Повисла длинная пауза, и в тишине Александр слышал, как живо бьется его сердце от досады на самого себя, на эту девушку, на неразгаданные тайны, клубами, как сигаретный дым, вьющиеся над ними, над всем этим городом, под этим старым потолком с полустершимися фресками – облака, звезды, какие-то боги и богини, амуры и психеи, очертания которых едва были различимы, носятся в вечном танце, и до них нет никакого дела никому. Пусть же скажут, что ей ответить? Как ему поступить? Уйти, извиниться, попытаться что-то сказать – и усугубить ситуацию, нарваться на неприкрытый холод и на сухой поклон, на проводы до двери – без надежд на следующее свидание? Или же остаться и продолжать молчать? Подойти к ней, приобнять? Последнее рискованно – но он так и поступил.
Алина не отвела его руки. Напротив, ее плечо поддалось под тяжестью его ладони – она снова была воском, покорным и послушным перед ним, тем, кто знает лучше, кто видел больше, кто пережил многое. В отношениях всегда есть место вполне естественному неравенству – но прежде они были одинаковыми в своей страсти, в своем остроумии, в своей блистательной надменности. Теперь же он видел ее слабость – как она десятью минутами ранее увидела его – и его дело защитить свою подругу от всего, что может ее ранить.
- Моя мать выкрала завещание покойной бабки, - спокойно сказала Алина, запнувшись лишь вначале. – Там Сержу и… маленькому – все отходило. Она подделала почерк и написала заново. Состояние поделили на троих. Ему ничего не осталось. И да, мать тоже говорила про справедливость. Что он эдак расплатился с ней за услуги. Ничего бесплатного не бывает. А долг платежом красен.
Княжна старалась произносить эти слова как можно более спокойно, но в голосе ее слышалась затаенная истерика, подавленная лишь явным нежеланием завыть в голос.
- Что она сделала с оригиналом завещания? – поинтересовался Александр, не размыкая своих объятий – он боялся, что его возлюбленная рассыплется, сломается, если продолжит в том же духе.
- Откуда я знаю? – выпалила она грубо. – Сожгли, порвали, закопали в бабкину могилу…

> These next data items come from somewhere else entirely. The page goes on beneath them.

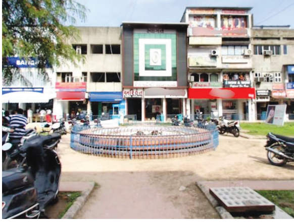
શહેરની જમણે વિચાર કરી રહ્યા છે ત્યારે તે સંબંધિત ખરીદી પણ તેઓ કરવામાં માનતા નથી ત્યારે વિવિધ વેપાર ક્ષેત્રે જોડાયેલા

શહેરમાં તહેવાર બાદ કોરોનાના કેસ એકાએક વધી જવાથી શહેરની જમણે ચિંતામાં મુકાયા છે આજે ધરે ધરે એક કોરોનાનો કેસ તો જોવા મળે જ છે આ ઉપરાંત એજ્યુકેટેડ હોવા છતાં પણ માસ્ક અને સેનીટાઈઝરનો વપરાશ કરવાની તકદારી હજી ઘણા લોકો રાખતા નથી અથવા તો આ બાબતને બહુ સામાન્ય લઈને રોજિંદુ જીવન પસાર કરે છે. ત્યારે કોરોનાના કેસ વધી રહ્યા છે અને શહેર નુકસાની તરફ વળી રહ્યું છે હવે એ જોડું રહ્યું કે વેપારીઓના આ વેપારને લગતા કમાણીના પ્રશ્નો ક્યારે સોલ્વ થાય છે. શહેરની જમણે ધરની બહાર તો ત્યારે જ નીકળી શકશે જ્યારે કોરોનાના કેસ ઓછા થશે. હાલમાં તો પહેલાંની જેમ બહાર નીકળવામાં ઘણું જોખમ છે તેમ શહેરની જમણે જ કહેવું છે.
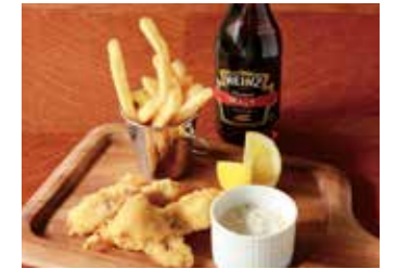
FISH & CHIPS WITH HOMEMADE TARTAR SAUCE フィッシュ&チップス 自家製タルタルソース
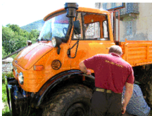
Il veicolo antincendi da acquistare

Il ricavato del concerto verrà interamente utilizzato per l'acquisto del veicolo antincendio per la Comunità di Oualia.
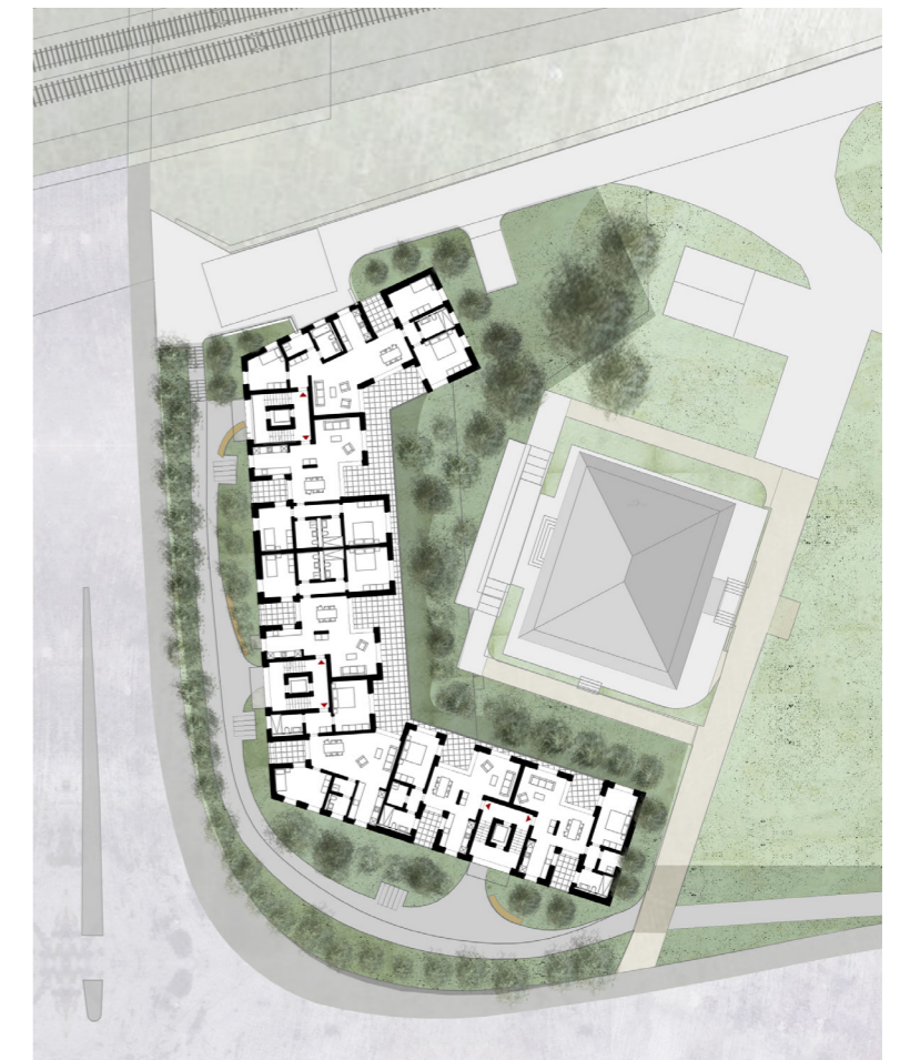
⌚ Umgebungsplan 1:500
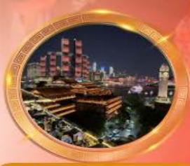
มือค้ำร้านอาหารอวโหล่งล้าม
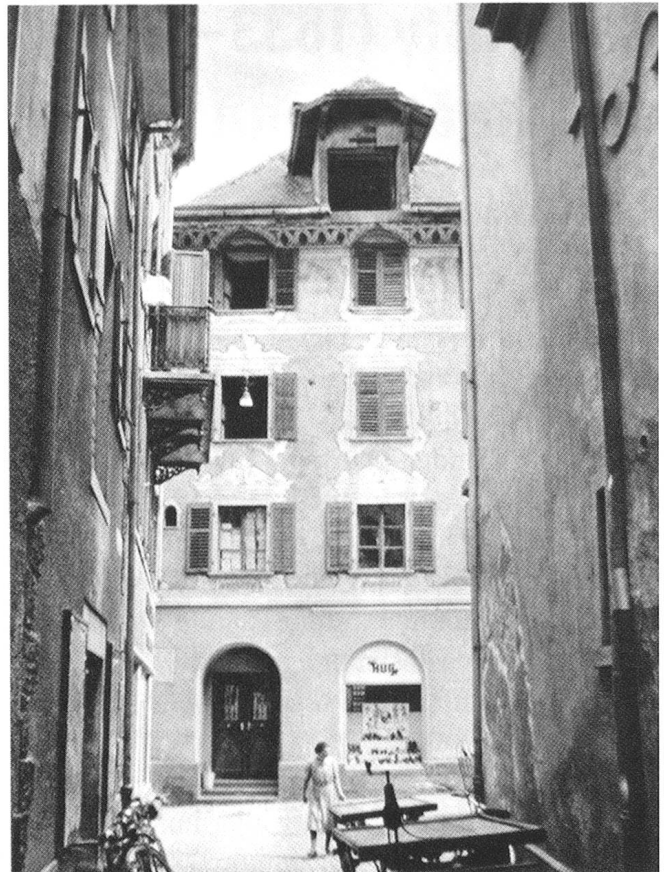
Das Haus am Majoranplatz in Chur (Poststrasse 36), wo Carl Hilty seine Kindheit und Jugend verbrachte. (Reproduziert nach Hilty 1949, 23)

Trotz alledem, aufgewachsen und zur ersten Reife gelangt ist Carl Hilty als echter «Khurar Bub», und zwar im Eckhaus Poststrasse/Majoranplatz (heute Bébéhus Imholz). Und er hat auch immer seinen Stolz auf die Bündner Geschichte und die bündnerischen Traditionen unterstrichen, wenn auch fast immer mit einem leise ironischen Unterton und spürbarer Verstimmung über die Tatsache, dass er eben doch kein hundertprozentiger Bündner sei. So, wenn er einmal über die Bündner Geschichte schreibt: «Eine Geschichte, die ihre Spuren in einem eigenthümlichen Volksthum hinterlassen hat, welches in meiner Jugendzeit noch in ungeschwächter Kraft und Originalität bestand, nun aber von den Eisenbahnen und dem grossen Fremdenverkehr allmählig auf das Niveau des gewöhnlichen Erdendaseins hinabgedrückt wird.» 2 Oder wenn er den Bündner Nationalstolz am Beispiel seiner Grossmutter umreisst: «Ein «Bündner» zu sein, war in den Augen des geringsten Bäuerleins ein unersetzbarer Vorzug vor einem St. Galler, oder selbst anderen Schweizern altfreier Kantone, und unsere mütterliche Grossmutter, die ein richtiger Typus einer Churerin war, pflegte, wenn wir Kna-
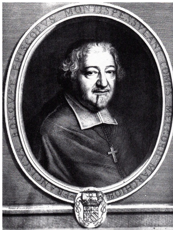
Fig. 7. - François Bosquet, C.D.R.P. Languedoc-Roussillon, Montpellier

L'accession, en 1656, de François Bosquet (1605-1676) (fig. 7) au siège épiscopal ouvrit une période importante de la vie artistique montpelliéraine, au sein de laquelle le rôle de l'Église était prépondérant, depuis la reprise en main de la ville par le pouvoir royal en 1622. Ce protégé du chancelier Sèguier, depuis 1648 évêque de Lodève, résidait en 1654 à Rome où il avait commandé à Claude Lorrain deux tableaux sur des thèmes religieux : Le Sermon sur la montagne , conservé aujourd'hui à la Frick Collection à New York, et Esther entrant dans le palais d'Assuérus dont il n'existe plus, à la suite d'un incendie, qu'un fragment de l'extrémité gauche, chez le comte de Leicester à Holkham Hall (fig. 8 et 9). Ces deux tableaux suivirent sans doute Bosquet à Montpellier. Probablement stimulé par le nouvel évêque, le chapitre, afin de décorer le maître-autel de la cathédrale Saint-Pierre, se décida, en février 1657, à passer commande à Sébastien Bourdon (1616-1671), d'un grand tableau d'autel. La chute de Simon le magicien , œuvre à laquelle le célèbre artiste, originaire de Montpellier travaillait depuis au
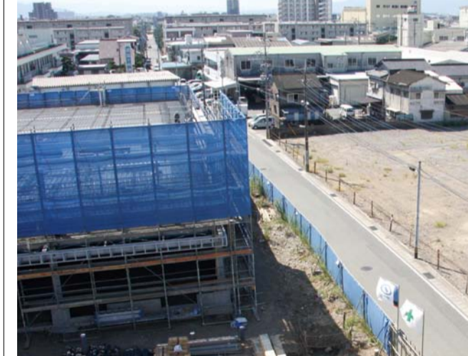
▲熊本市西区田崎では熊本市道を挟んで近隣型のショッピングセンター(NSC)2店舗の出店準備が進む。写真左側が年内オープンを目指す建設が進むイオンの「イオンタウン田崎(仮称)」建設予定地

同社では「照明や音響なども効果的に使いながら、動物たちのパフォーマンスを最大限に引き出す」と話している。
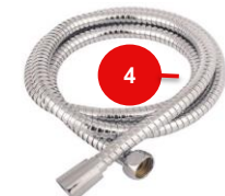
FICHA TECNICA DT FT 142
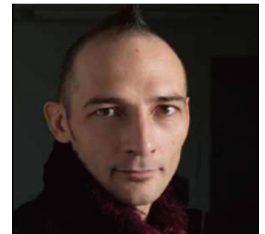
Perfumer Profile Christophe Laudamiel クリストフ・ラウダミエル

彼の香りの作品、演出は、世界中のファインフレグランスにおける幅広い分野で知られており、また、世界の革新的なイベントでも演出をしている。これまでにエスティ・ローダーの「White Linen, Pink Coral」やマイケル・コースの「London」などを手がけた。
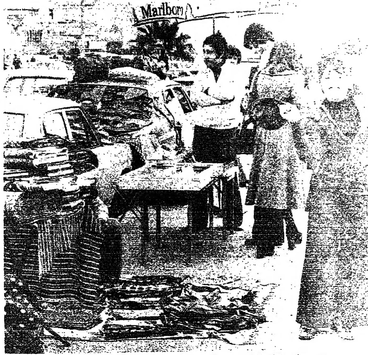
■ عكس من كل شيء
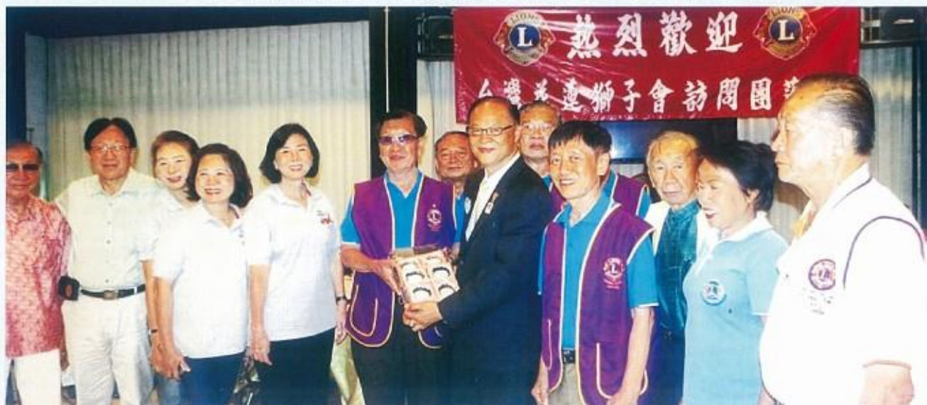
李會長贈送那空素旺全體獅友紀念品
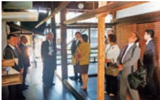
重要文化財である大徳寺塔頭黄梅院(北区)本堂および 庫裏の建造物保存修理の状況を調査しました。(10月26日)

「決算」って何? 「予算」が見積もりであるのに対 して、「決算」は収入と支出の実績で す。議会で行われる「決算の認定」と は、前年度の予算がどのように使わ れて、どのように成果を上げたかな どを審査することです。「予算の議決 権」と同様に議会の大事な権限の一 つです。
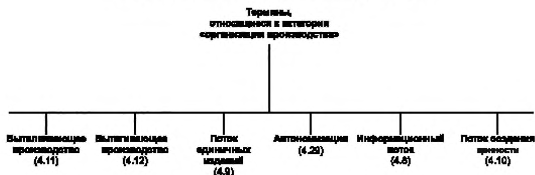
Рисунок А.1 — Термины, относящиеся к категории «организация производства»
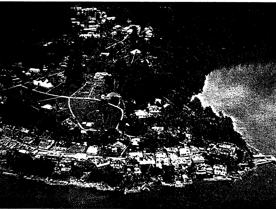
Luchtfoto van Fak-Fak

Er is brood te krijgen, doch de prijs is f 1,- voor een klein broodje. Kleine
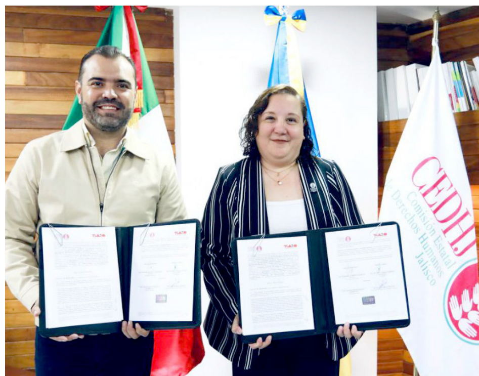
En el municipio se creará un área en favor de los derechos humanos.

El edil de Tlajomulco de Zúñiga explicó que la decisión de crear un área en favor de los derechos humanos en el municipio, es la manera de enviar un mensaje para las y los ciudadanos, y para las y los funcionarios del Gobierno, del anhelo que existe por recuperar la paz y la tranquilidad en la sociedad.
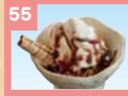
55 ミニパフェ 330円
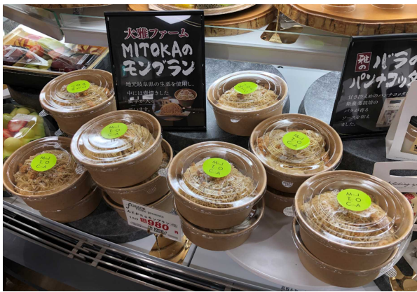
大賀ファーム MITOKA のモンブラン
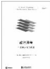
2016年9月 北京联合出版公司 [美]格伦·廷德 《政治思考:一些永久性的问题》 政治

丝绸之路让中国的丝绸和文明风靡全球。罗马和波斯在路边缔造了各自的帝国。佛教、基督教和伊斯兰教沿着丝绸之路迅速崛起并传遍世界,融会出耶路撒冷三千年的历史。成吉思汗的蒙古铁蹄一路向西,在征服的同时促进了东西方文明的交融。大英帝国通过搜刮丝绸之路上的财富,铸就了日不落的光辉,时至今日,丝绸之路上的难民与恐怖组织ISIS,依然是欧洲与美国挥之不去的魔影……丝绸之路不仅塑造了人类的过去,更将主宰世界的未来。本书以“丝绸之路”为切入点,为我们呈现了一幅浓缩的世界史画卷。
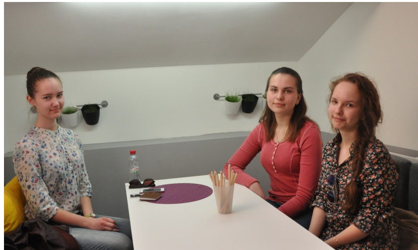
«7 вопросов, которые мы задали...»

Сколько стоит? 1 ч -2р/мин, 2 ч-1,5р/мин 390р-максимальная цена, которую вы можете заплатить за день.

- Конечно, там будет сказано, что все сделано ради детей, - Александр задумчиво посмотрел куда-то вдаль. Он радовался, что в комнате было по-прежнему темно – яркий свет бы больно ударял по глазам, раздражая разум и душу. – Кстати… у него же был сын… Жене пришлось его оставить. Что с тем сталось?
Тут Алина прижалась к нему и натурально разрыдалась. Наконец-то. Плакала она совершенно не по-девичьи, не картинно, а как маленький ребенок – в голос, так, что лицо шло пятнами, слезы брызгали из глаз, чтобы все слышали и видели.
- «Благословляет мать и молит за отца», - сквозь рыдания выпалила она чей-то стих – Пушкина, что ли? – И так уже шесть лет.
- Какой же ужас, - пробормотал Александр, ничуть не сомневаясь, что смерть этого неизвестного ему  младенца, которая в свете всех обстоятельств виделась теперь насильственной, и стала причиной подобного состояния Алины. Может быть, нынче какая годовщина этого события, может быть, что-то еще, неведомое для него, нерассказанное и никогда не могущее быть рассказанным.
Она никак не отреагировала на сказанное, и лучше всего было провалиться сквозь землю.
- Почему ты мне ничего не говорила? – молодой человек не нашел ничего лучшего, как задать именно такой вопрос. И не удивился, когда вместо ответа он натолкнулся на стену холодного молчания.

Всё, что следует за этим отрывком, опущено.